▶ **PROBLEM TO WORK ON**:
Repeat only the lines between the one with "A TWO TIERED" and the end of the material below, both ends included. Omit any picture.

▶ **MATERIAL PROVIDED**:
________________

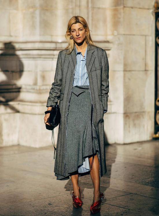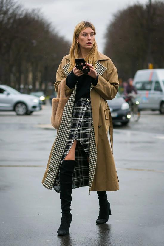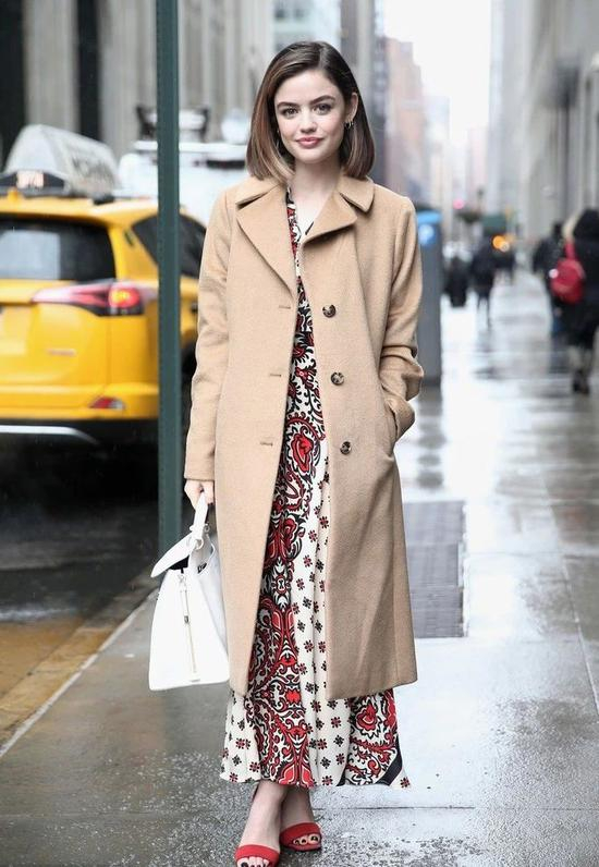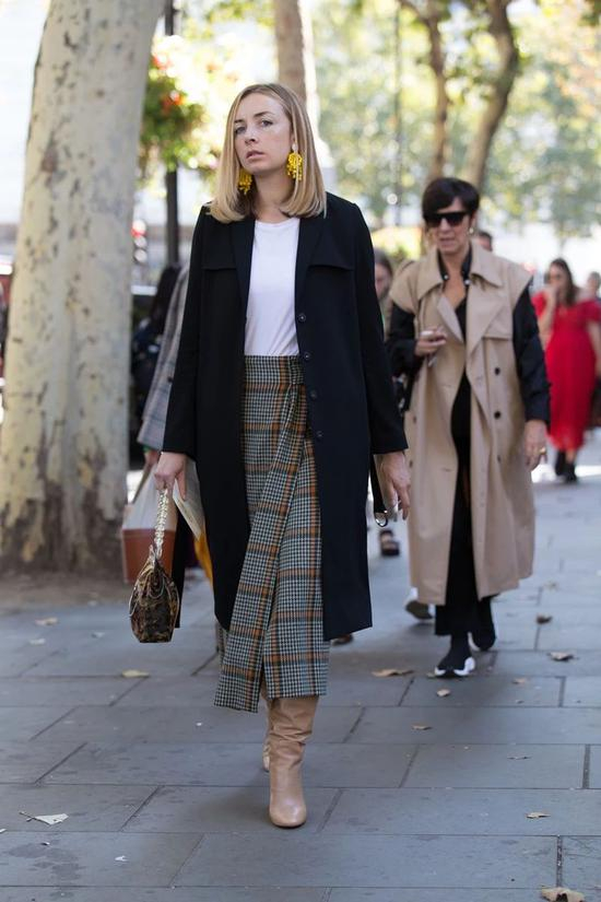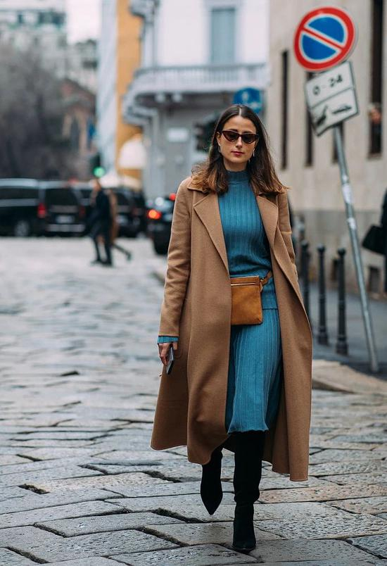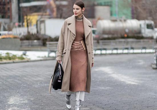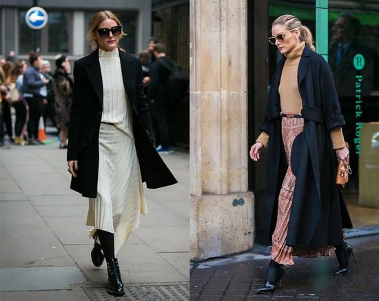那么怎么穿大衣+裙子效果最好呢?记住衣长和裙长的最佳关系是正负20cm,这样会更显层次感。
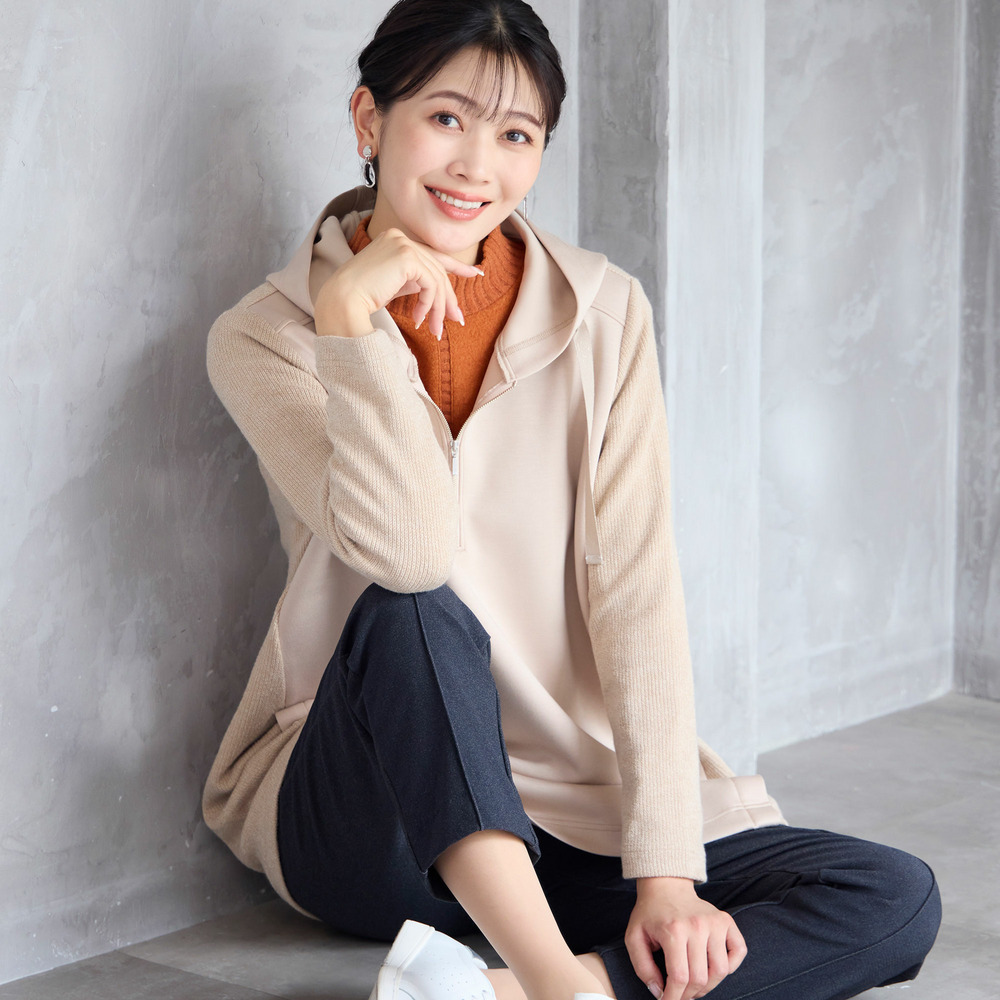 一枚で着てもリラックス感があり素敵ですが、モデル着用のようにハイネックインナーを合わせるとお洒落度がアップ!
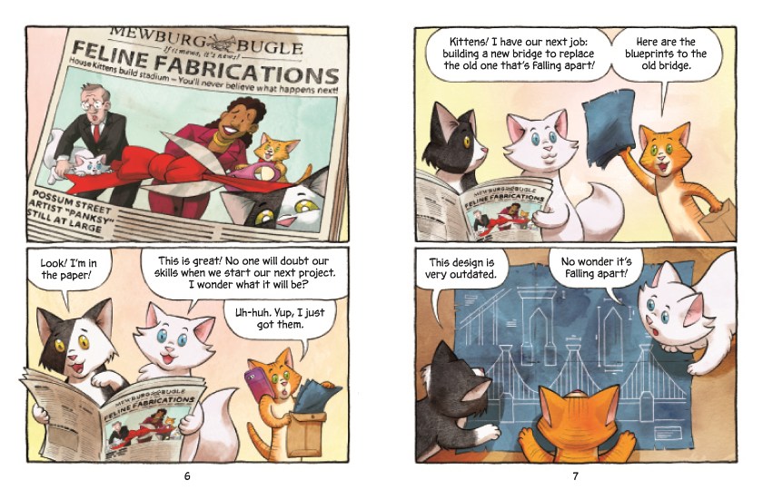 John Patrick Green creates stories that make me happy. Hippopotamister is all about a hippo finding his purpose; the first Kitten Construction Company story was about being taken seriously; and now, A Bridge Too Fur is about overcoming fears and biases, and embracing teamwork to make one’s corner of the world a better place. He tells big stories in a small space, with adorable artwork and situations that appeal to young readers while teaching them how to be a positive force in the world. That is good stuff, and that is the kind of book that flies off my shelves here at the library. Kids come for the cute animals, stay for the positive messages. There’s some fun humor on the down-low that sharp-eyed readers will catch, like references to a possum street artist named “Panksy”, and Marmalade knocking a mic off the podium when he goes to speak (because, that’s what cats do). A “How to Draw Kittens” section teaches readers to draw some of the characters in the story.
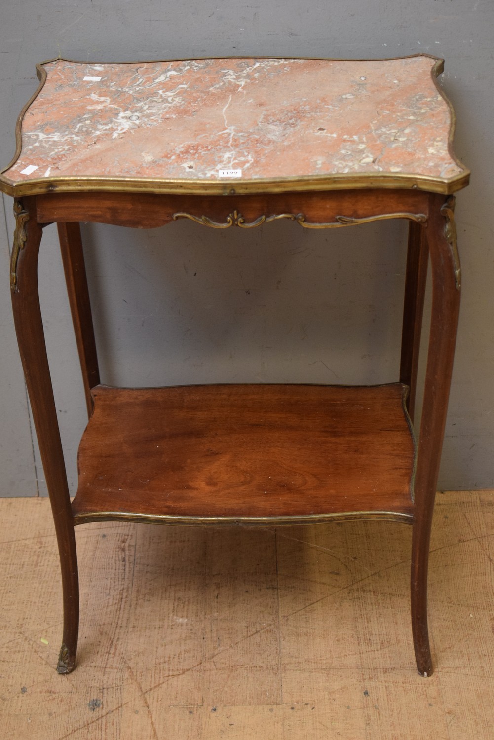 A TWO TIERED MARBLE TOPPED SIDE TABLE (A/F) (H74 X W53 X D38 CM) (LEONARD JOEL DELIVERY SIZE: MEDIUM)
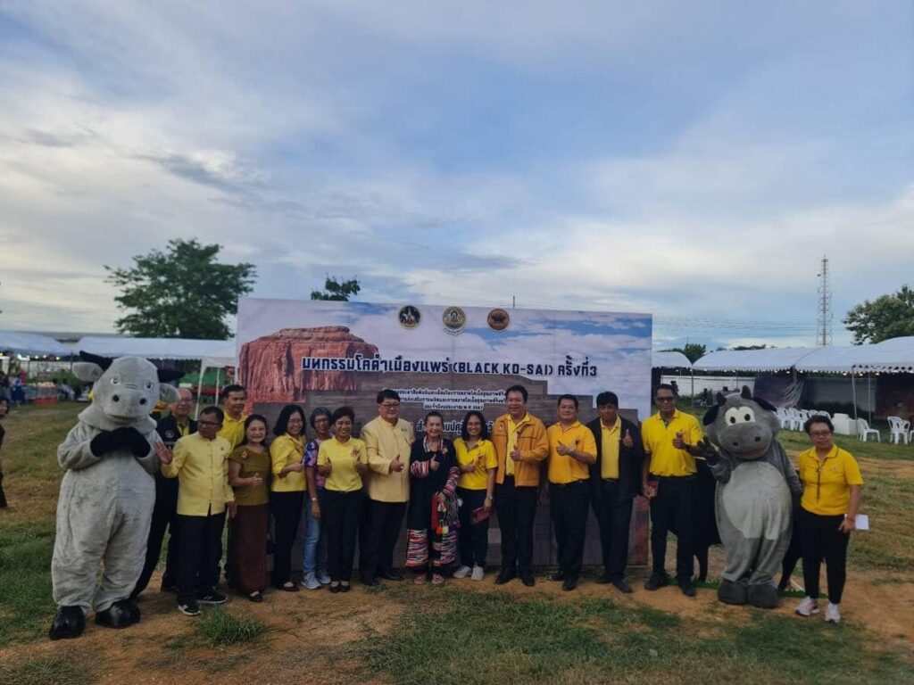 วันที่ 19 สิงหาคม 2567 เวลา 18.00 น. นายไพรัช สีวาโย หัวหน้าสำนักงานกองทุนฟื้นฟูและพัฒนาเกษตรกร สาขาจังหวัดแพร่ ร่วมงาน“มหกรรมโคดำเมืองแพร่ ( Black ko sai ) ครั้งที่ 3” ภายใต้กิจกรรมประชาสัมพันธ์และเชื่อมโยงการตลาดโคเนื้อคุณภาพดีจังหวัดแพร่ โครงการส่งเสริมการผลิตและการตลาดโคเนื้อคุณภาพดีจังหวัดแพร่ ประจำปีงบประมาณ 2567 เพื่อให้ผู้ร่วมงานได้มีความรู้ ความเข้าใจการผลิตโคเนื้อคุณภาพดีจังหวัดแพร่ โคดำเมืองแพร่ (Black Ko-sai) เพิ่มช่องทางการจําหน่ายโคเนื้อและผลิตภัณฑ์โคดำเมืองแพร่ (Black Ko-sai) ให้แก่เกษตรกรกลุ่มเกษตรกรและสถาบันเกษตรกร เผยแพร่ประชาสัมพันธ์โคดำเมืองแพร่ (Black Ko-sai) ให้แพร่หลายสู่สาธารณชน สร้างมูลค่าเพิ่มตลอดห่วงโซ่การผลิตและจําหน่าย เชื่อมโยงผู้ผลิตและผู้บริโภค สร้าง Brand โคเนื้อคุณภาพดีจังหวัดแพร่ และส่งเสริมให้ผู้ประกอบการร้านอาหารในจังหวัดแพร่ นําเนื้อโคขุนแบล็คโกศัย และผลิตภัณฑ์มาเป็นวัตถุดิบในการปรุงอาหาร โดยมี นายชุติเดช มีจันทร์ ผู้ว่าราชการจังหวัดแพร่เป็นประธานในพิธี ณ สนามกีฬาเทศบาลตำบลทุ่งโฮ้ง ตำบลทุ่งโฮ้ง อำเภอเมือง จังหวัดแพร่
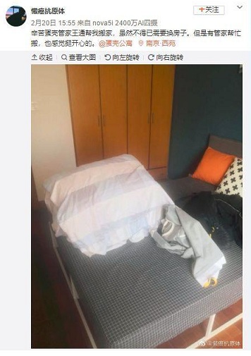 3.受疫情期間不少小區(qū)嚴(yán)格管控的影響,無(wú)法出入小區(qū)的租客,蛋殼公寓均就近給予安置。老冀在微博上就看到名為“懶癌抗原體”的用戶在20日下午3點(diǎn)55分的發(fā)言:“辛苦蛋殼管家王通幫我搬家,雖然不得已需要換房子。但是有管家?guī)兔Π幔哺杏X(jué)挺開(kāi)心的!
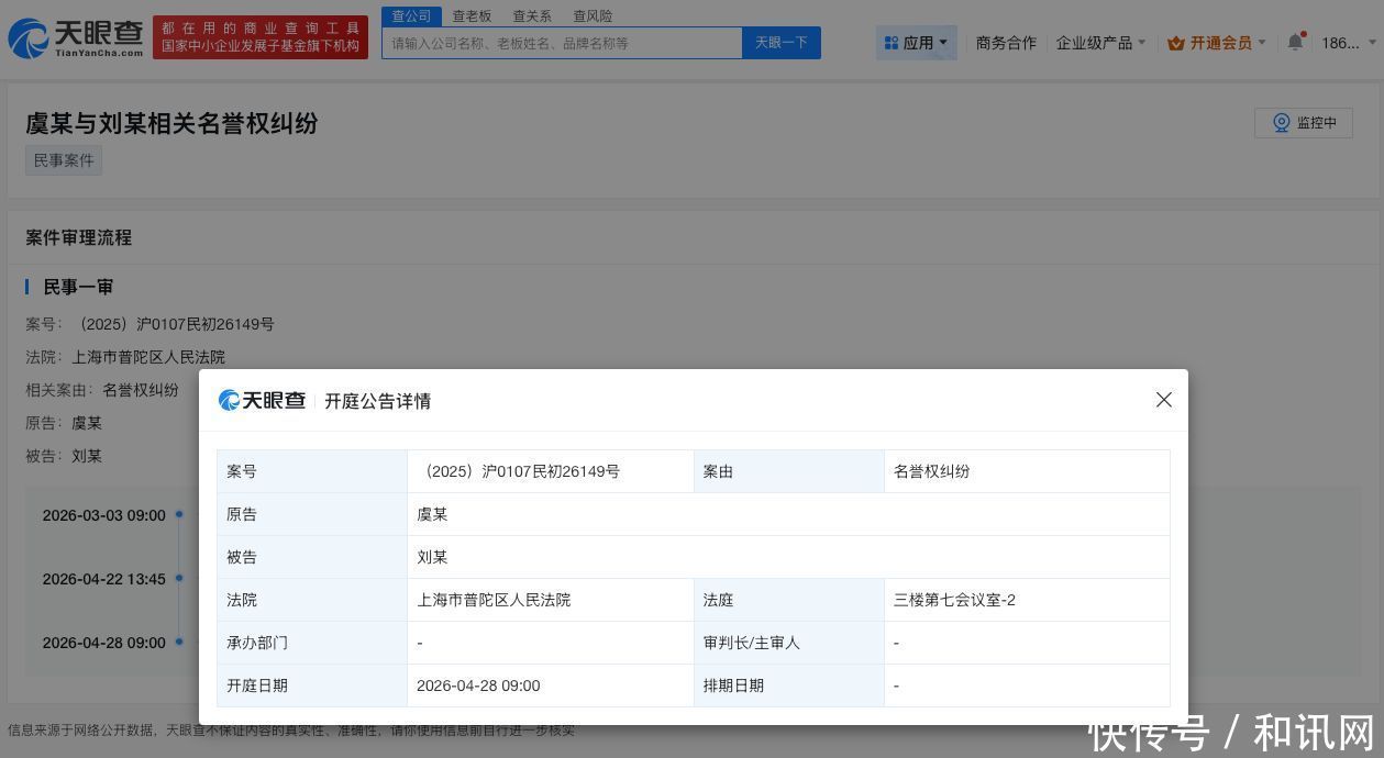 天眼查天眼风险信息显示股票配资讯,近日,虞书欣与刘某相关名誉权纠纷案件新增开庭公告,原告为虞书欣,该案将于4月28日在上海市普陀区人民法院开庭审理。
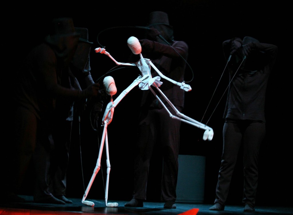 Papéis brancos ganham formas geométricas e são transmutados em figuras cênicas que, meticulosamente animadas, ganham vida. Como seres imbuídos da existência, buscam o outro num impulso vital. O espetáculo Criaturas de papel fala de encontros e partidas enquanto força fundamental do pulso de existir e habitar espaços e construir vínculos no percurso de viver. A ação cênica se dá a partir de um refinado processo de animação de marionetes inspirado no trabalho do grupo japonês Kawasemiza, em que duas ou três marionetes animam o mesmo boneco, conferindo-lhe movimentos humanos precisos e permitindo excelentes possibilidades de expressão cênica.

________________

▶ **TASK OUTPUT**:
 A TWO TIERED MARBLE TOPPED SIDE TABLE (A/F) (H74 X W53 X D38 CM) (LEONARD JOEL DELIVERY SIZE: MEDIUM)
 วันที่ 19 สิงหาคม 2567 เวลา 18.00 น. นายไพรัช สีวาโย หัวหน้าสำนักงานกองทุนฟื้นฟูและพัฒนาเกษตรกร สาขาจังหวัดแพร่ ร่วมงาน“มหกรรมโคดำเมืองแพร่ ( Black ko sai ) ครั้งที่ 3” ภายใต้กิจกรรมประชาสัมพันธ์และเชื่อมโยงการตลาดโคเนื้อคุณภาพดีจังหวัดแพร่ โครงการส่งเสริมการผลิตและการตลาดโคเนื้อคุณภาพดีจังหวัดแพร่ ประจำปีงบประมาณ 2567 เพื่อให้ผู้ร่วมงานได้มีความรู้ ความเข้าใจการผลิตโคเนื้อคุณภาพดีจังหวัดแพร่ โคดำเมืองแพร่ (Black Ko-sai) เพิ่มช่องทางการจําหน่ายโคเนื้อและผลิตภัณฑ์โคดำเมืองแพร่ (Black Ko-sai) ให้แก่เกษตรกรกลุ่มเกษตรกรและสถาบันเกษตรกร เผยแพร่ประชาสัมพันธ์โคดำเมืองแพร่ (Black Ko-sai) ให้แพร่หลายสู่สาธารณชน สร้างมูลค่าเพิ่มตลอดห่วงโซ่การผลิตและจําหน่าย เชื่อมโยงผู้ผลิตและผู้บริโภค สร้าง Brand โคเนื้อคุณภาพดีจังหวัดแพร่ และส่งเสริมให้ผู้ประกอบการร้านอาหารในจังหวัดแพร่ นําเนื้อโคขุนแบล็คโกศัย และผลิตภัณฑ์มาเป็นวัตถุดิบในการปรุงอาหาร โดยมี นายชุติเดช มีจันทร์ ผู้ว่าราชการจังหวัดแพร่เป็นประธานในพิธี ณ สนามกีฬาเทศบาลตำบลทุ่งโฮ้ง ตำบลทุ่งโฮ้ง อำเภอเมือง จังหวัดแพร่
 3.受疫情期間不少小區(qū)嚴(yán)格管控的影響,無(wú)法出入小區(qū)的租客,蛋殼公寓均就近給予安置。老冀在微博上就看到名為“懶癌抗原體”的用戶在20日下午3點(diǎn)55分的發(fā)言:“辛苦蛋殼管家王通幫我搬家,雖然不得已需要換房子。但是有管家?guī)兔Π幔哺杏X(jué)挺開(kāi)心的!
 天眼查天眼风险信息显示股票配资讯,近日,虞书欣与刘某相关名誉权纠纷案件新增开庭公告,原告为虞书欣,该案将于4月28日在上海市普陀区人民法院开庭审理。
 Papéis brancos ganham formas geométricas e são transmutados em figuras cênicas que, meticulosamente animadas, ganham vida. Como seres imbuídos da existência, buscam o outro num impulso vital. O espetáculo Criaturas de papel fala de encontros e partidas enquanto força fundamental do pulso de existir e habitar espaços e construir vínculos no percurso de viver. A ação cênica se dá a partir de um refinado processo de animação de marionetes inspirado no trabalho do grupo japonês Kawasemiza, em que duas ou três marionetes animam o mesmo boneco, conferindo-lhe movimentos humanos precisos e permitindo excelentes possibilidades de expressão cênica.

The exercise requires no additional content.